▶ Items from a dataset
——
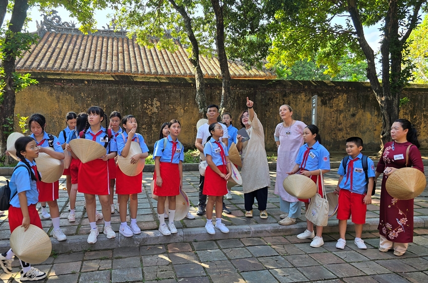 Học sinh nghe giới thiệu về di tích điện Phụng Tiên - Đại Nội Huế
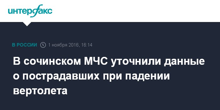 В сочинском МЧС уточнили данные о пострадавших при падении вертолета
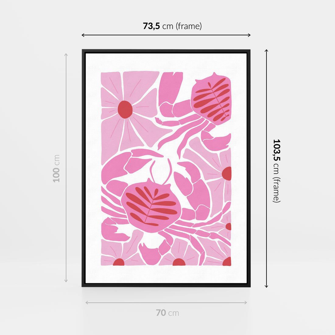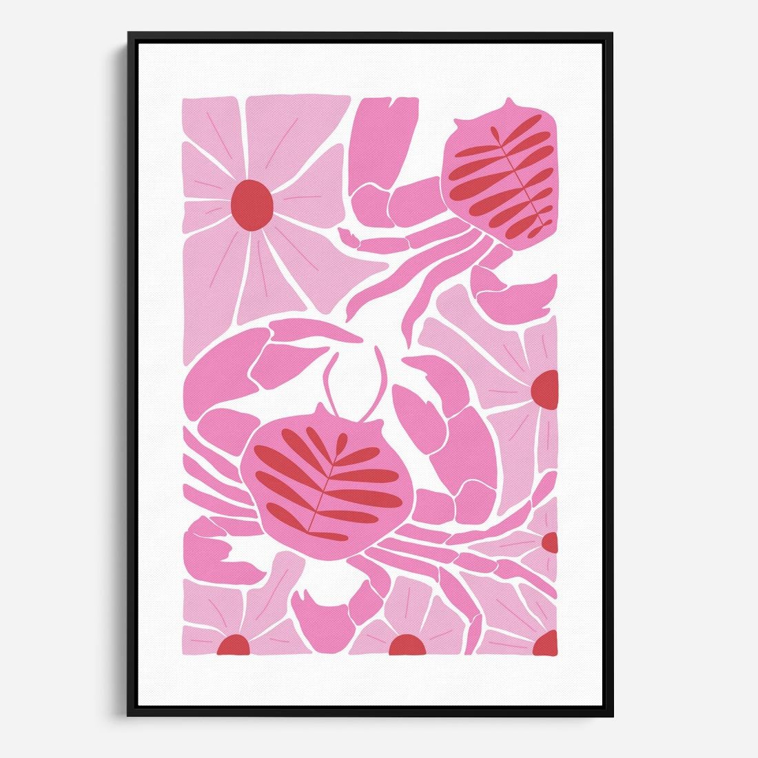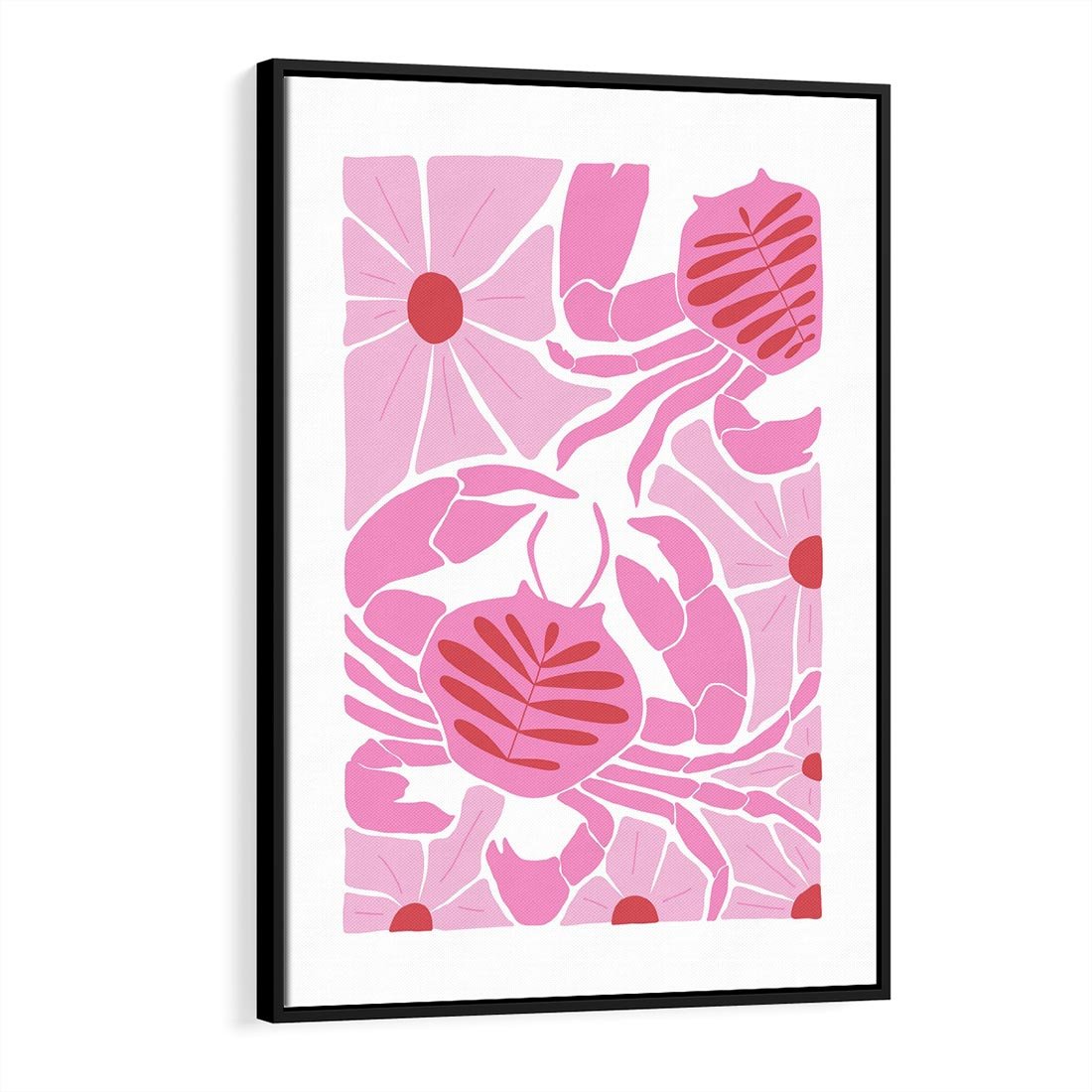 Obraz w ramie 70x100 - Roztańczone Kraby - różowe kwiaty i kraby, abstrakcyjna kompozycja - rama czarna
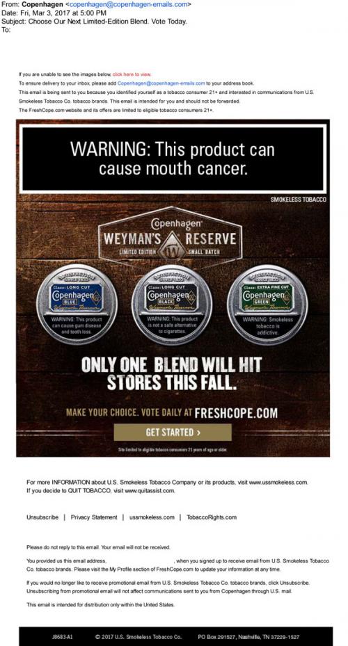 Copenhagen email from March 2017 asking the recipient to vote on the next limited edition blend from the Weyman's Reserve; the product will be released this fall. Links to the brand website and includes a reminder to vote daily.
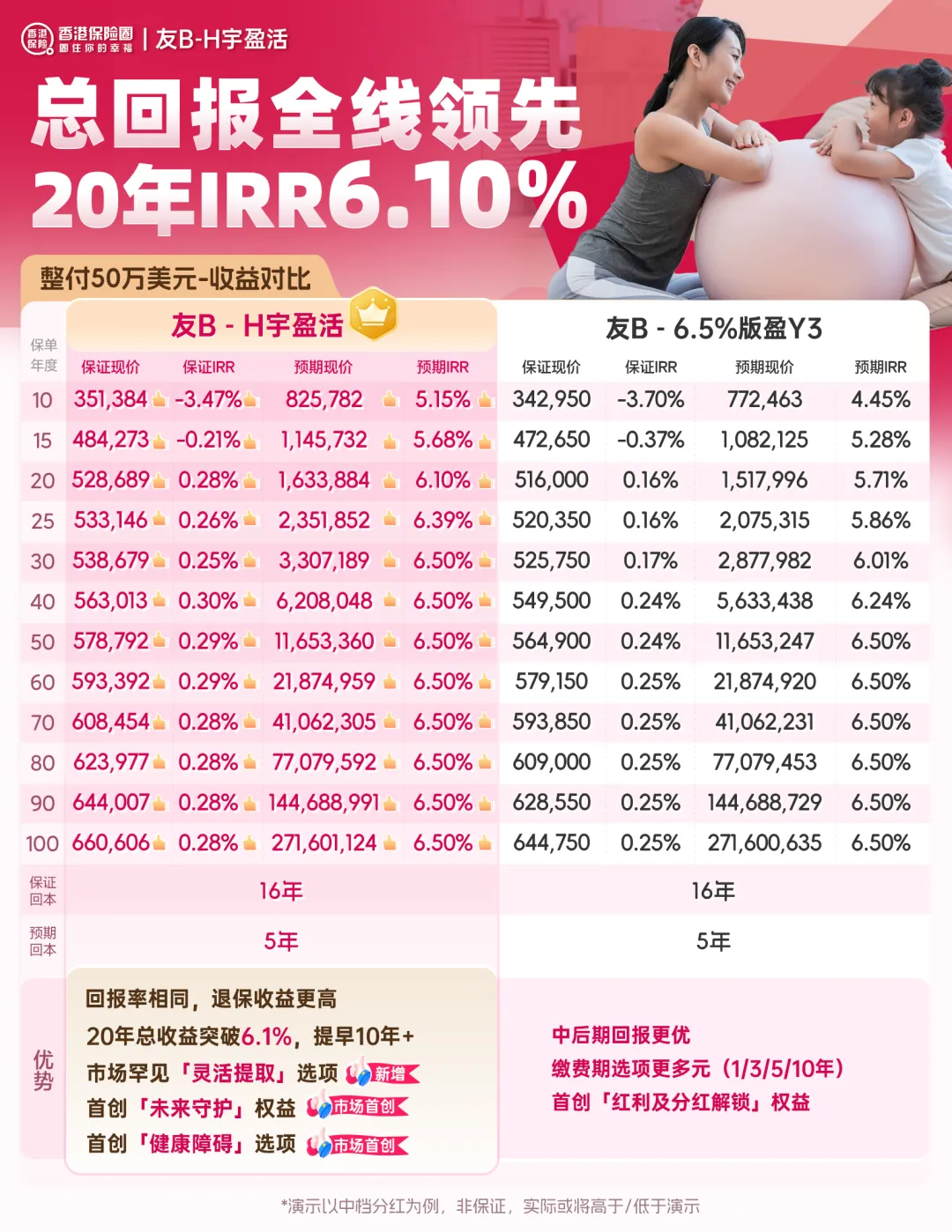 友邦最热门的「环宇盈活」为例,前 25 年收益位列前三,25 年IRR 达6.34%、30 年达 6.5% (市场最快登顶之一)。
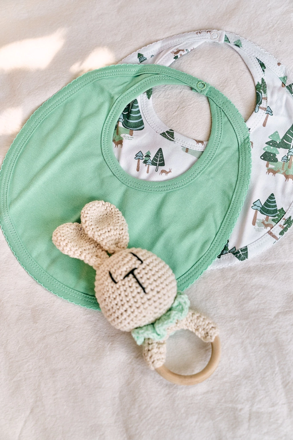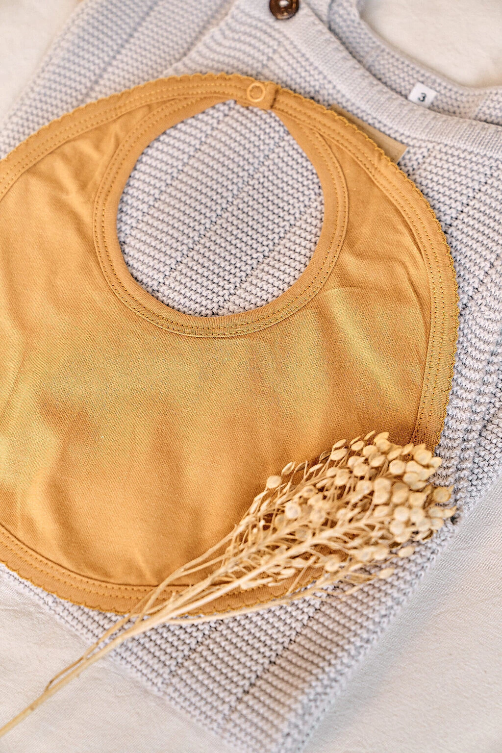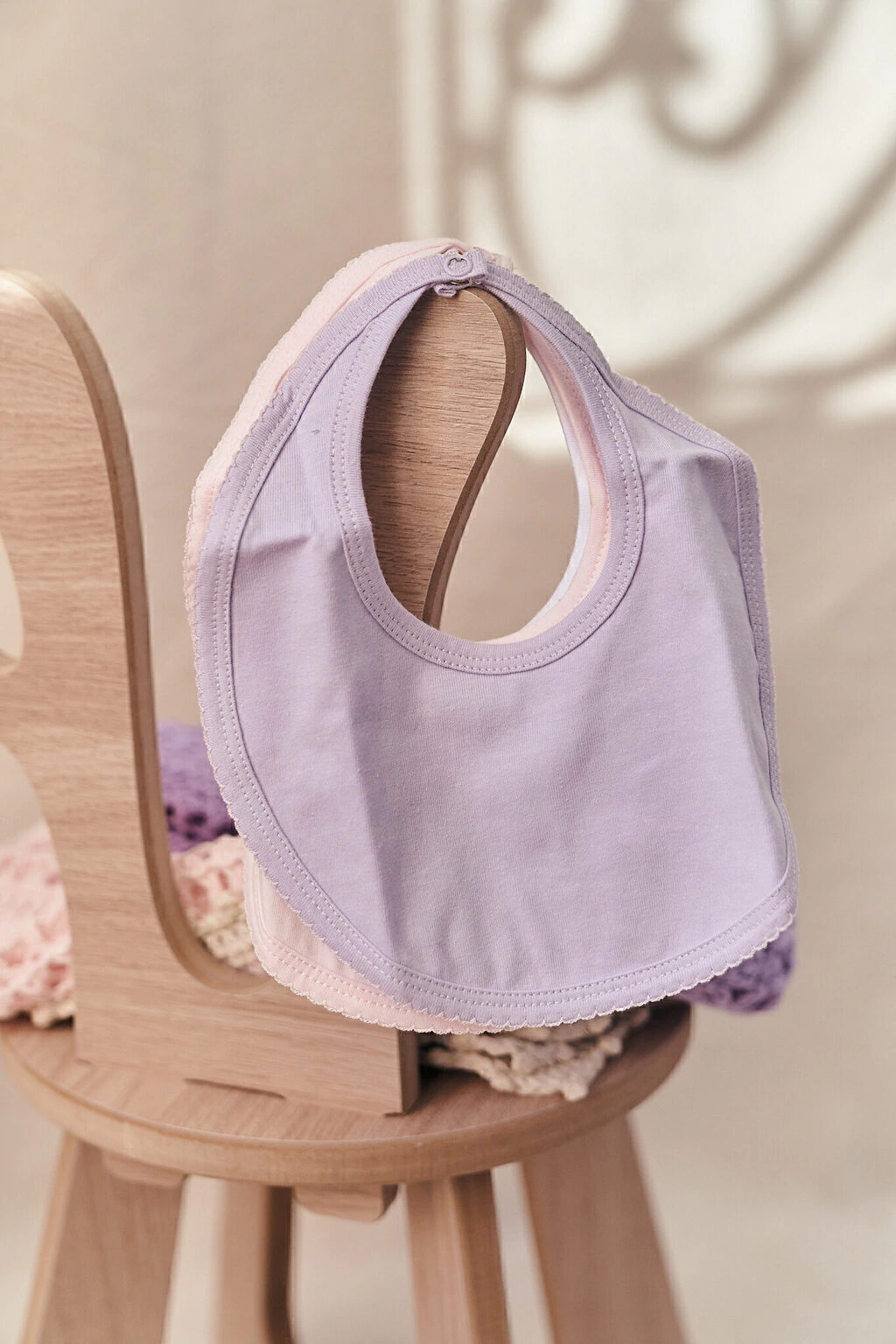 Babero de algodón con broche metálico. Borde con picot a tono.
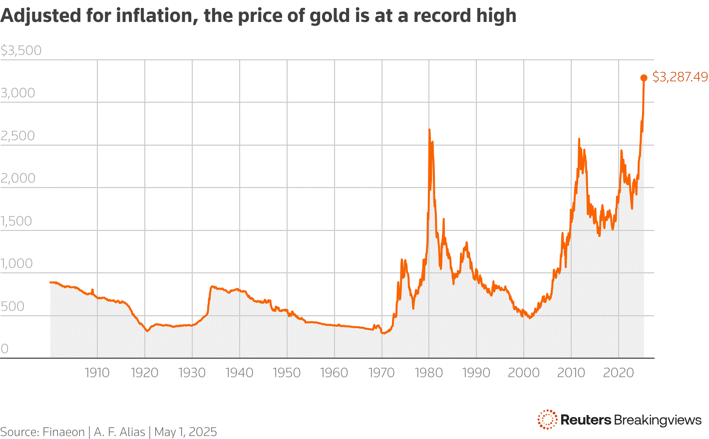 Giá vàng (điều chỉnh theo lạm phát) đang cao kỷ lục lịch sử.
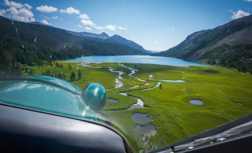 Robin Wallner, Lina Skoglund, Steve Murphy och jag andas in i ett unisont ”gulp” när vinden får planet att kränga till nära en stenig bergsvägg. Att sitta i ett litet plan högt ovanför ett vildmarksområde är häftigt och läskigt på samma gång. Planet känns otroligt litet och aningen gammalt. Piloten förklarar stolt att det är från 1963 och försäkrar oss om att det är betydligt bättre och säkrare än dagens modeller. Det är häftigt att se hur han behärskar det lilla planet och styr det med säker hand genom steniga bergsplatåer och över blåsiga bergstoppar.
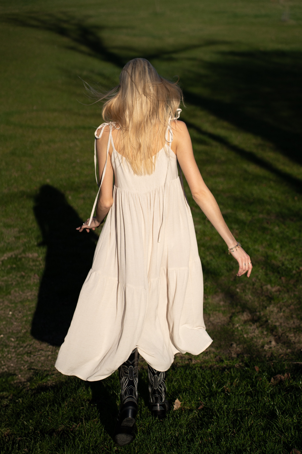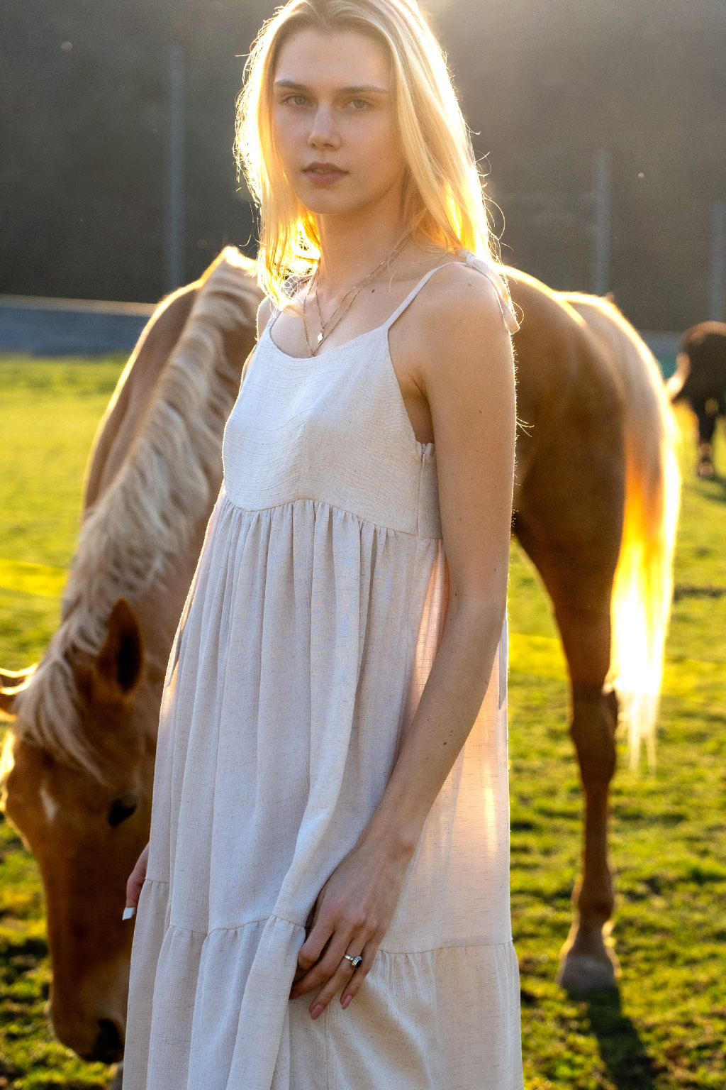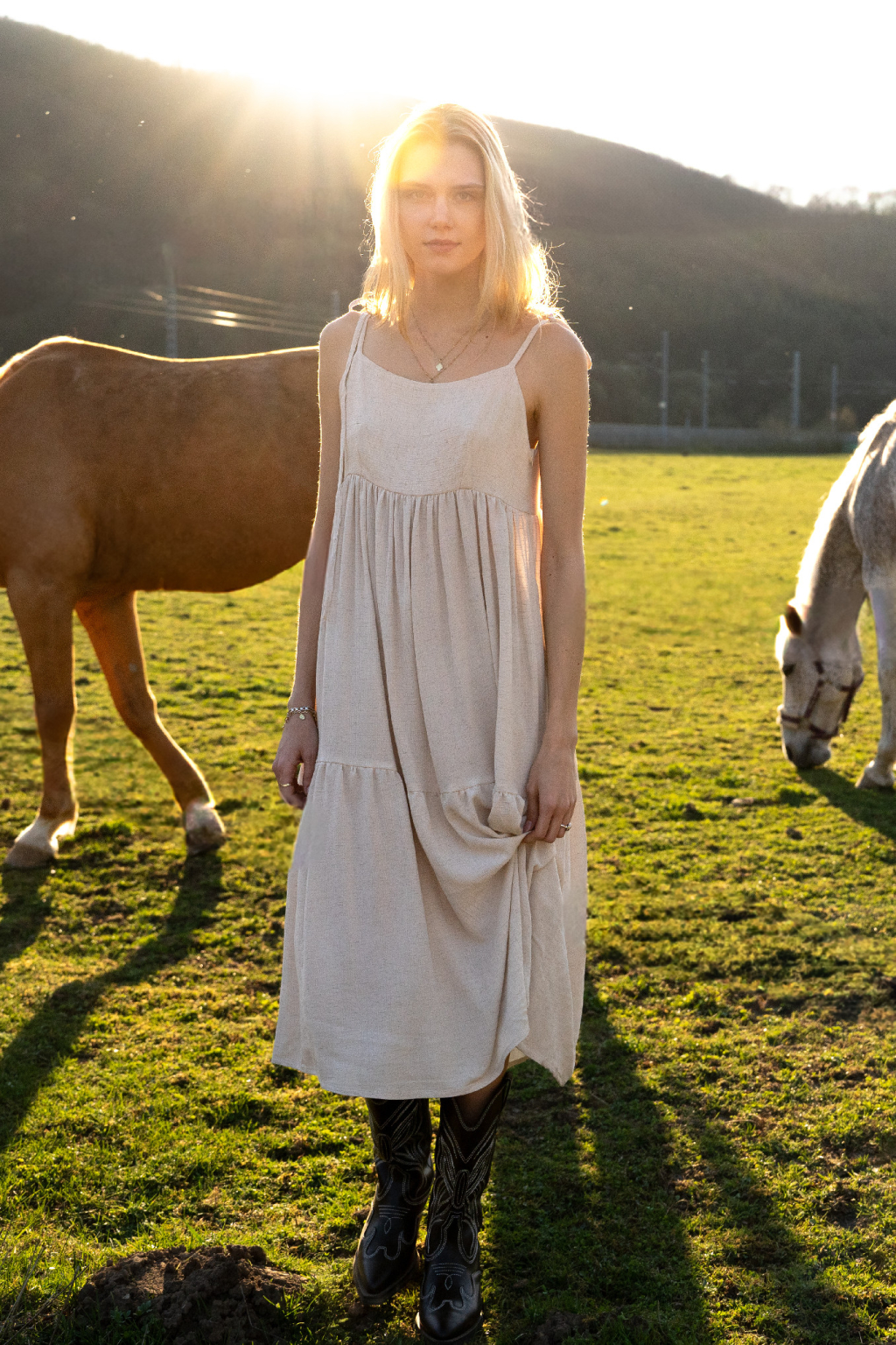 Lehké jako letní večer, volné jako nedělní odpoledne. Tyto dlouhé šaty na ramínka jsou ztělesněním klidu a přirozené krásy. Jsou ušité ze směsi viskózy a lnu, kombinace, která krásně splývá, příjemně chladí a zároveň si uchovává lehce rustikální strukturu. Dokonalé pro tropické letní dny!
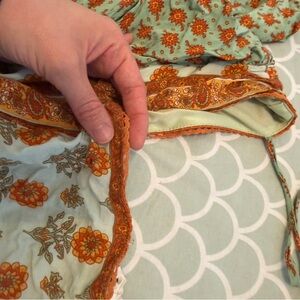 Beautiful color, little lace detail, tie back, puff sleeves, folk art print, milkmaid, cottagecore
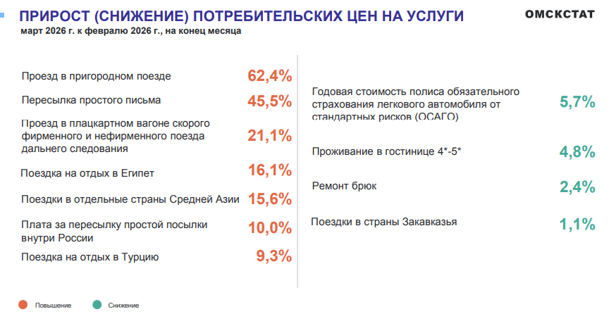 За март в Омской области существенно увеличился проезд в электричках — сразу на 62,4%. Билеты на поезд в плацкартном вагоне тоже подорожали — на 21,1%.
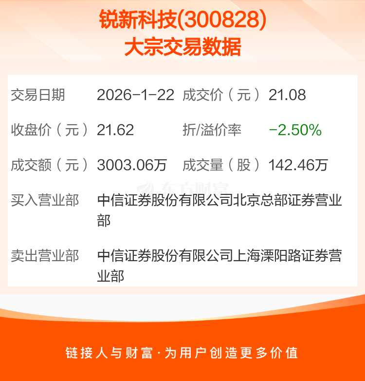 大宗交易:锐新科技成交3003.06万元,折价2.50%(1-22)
——
▶ PROBLEM REQUIREMENTS
Set down exactly the lines from the start of the records through the line containing "Beautiful color, little", both included, and omit the pictures.

▶ ANSWER FOR THE TASK
 Học sinh nghe giới thiệu về di tích điện Phụng Tiên - Đại Nội Huế
 В сочинском МЧС уточнили данные о пострадавших при падении вертолета
 Obraz w ramie 70x100 - Roztańczone Kraby - różowe kwiaty i kraby, abstrakcyjna kompozycja - rama czarna
 Copenhagen email from March 2017 asking the recipient to vote on the next limited edition blend from the Weyman's Reserve; the product will be released this fall. Links to the brand website and includes a reminder to vote daily.
 友邦最热门的「环宇盈活」为例,前 25 年收益位列前三,25 年IRR 达6.34%、30 年达 6.5% (市场最快登顶之一)。
 Babero de algodón con broche metálico. Borde con picot a tono.
 Giá vàng (điều chỉnh theo lạm phát) đang cao kỷ lục lịch sử.
 Robin Wallner, Lina Skoglund, Steve Murphy och jag andas in i ett unisont ”gulp” när vinden får planet att kränga till nära en stenig bergsvägg. Att sitta i ett litet plan högt ovanför ett vildmarksområde är häftigt och läskigt på samma gång. Planet känns otroligt litet och aningen gammalt. Piloten förklarar stolt att det är från 1963 och försäkrar oss om att det är betydligt bättre och säkrare än dagens modeller. Det är häftigt att se hur han behärskar det lilla planet och styr det med säker hand genom steniga bergsplatåer och över blåsiga bergstoppar.
 Lehké jako letní večer, volné jako nedělní odpoledne. Tyto dlouhé šaty na ramínka jsou ztělesněním klidu a přirozené krásy. Jsou ušité ze směsi viskózy a lnu, kombinace, která krásně splývá, příjemně chladí a zároveň si uchovává lehce rustikální strukturu. Dokonalé pro tropické letní dny!
 Beautiful color, little lace detail, tie back, puff sleeves, folk art print, milkmaid, cottagecore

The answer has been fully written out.